The Journey is the destination
My Journey and relationship with meditation began in 2010 following a difficult period in my life when my mother died. I initially used basic mindfulness strategies to manage the stress around this difficult event.
When beginning my practice I found this very difficult and quickly realised that my mind and thoughts were busier than I actually comprehended. I used techniques such as basic breathing and practical mindfulness strategies which enabled me to begin a practice which I found more achievable. Within the first year of my practice I had developed a well-established routine of around 30 minute’s daily meditation.
As I continued my journey with meditation I wanted to support others in developing their own practice and used this within my role as a mental health nurse support people with serious mental health difficulties.

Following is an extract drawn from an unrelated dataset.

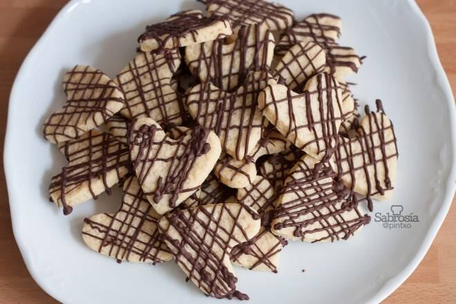 Es muy importante no amasar en exceso la masa de las galletas ya que si no se dice que coge liga, y pude tender a encoger en el horno. También podemos derretir un poco de chocolate y ponerle cobertura por encima.

I completed an 8 week mindfulness based stress reduction (MBSR) course which through my interest in this, then began to co facilitate these groups to others.

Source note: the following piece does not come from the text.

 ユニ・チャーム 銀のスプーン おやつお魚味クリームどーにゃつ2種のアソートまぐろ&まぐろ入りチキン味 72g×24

I noticed at around years 3-4 of my meditation practice my daily routines started to waver and I found myself doing less and less practice. When I realised this, I remember my teacher on the MBSR course telling me that this may happen when people’s practices grow and deepened and to always bring curious compassion to wandering why this may occur. I found this very helpful taking this approach as initially I found myself judging which quickly turned into compassionate understanding.
Following this period, my practice deepened further and started to look at other forms of meditation such as visualisation, compassion, gratitude and pineal activation. I found these different aspects of meditation very helpful at first but realised that deepening your practice can result in an ‘opening’ which I wasn’t ready for or aware of at the time. I struggled for a few years with health anxiety and linked this to be being too open due to the pineal activation. I confided in family and friends and remember telling a friend about my difficulties and she advised me to keep going as this would get better with time and more understanding.
Through further practice I kept going and realised that I has a lot of trauma and unresolved memoires which was causing the health anxiety. I then had some very profound experiences within my practices which resulted in what I can only describe as an energetic release of stuck emotion and energy within my body.
I have further deepened my practice over the last 12 months following a major knee trauma. I had time off work and I used this opportunity to further deepen my understanding of myself through mediation. Some of my meditation sessions would last in excess of 3-4 hours which resulted in having some very profound emotional and spiritual awakenings.
A decade ago my practice started off in the management of stress and during this wonderful journey which continues, I have come to realise that meditation is a conduit to helping me discover who I really am and has helped so much in processing and letting go of things I held on to for so many years.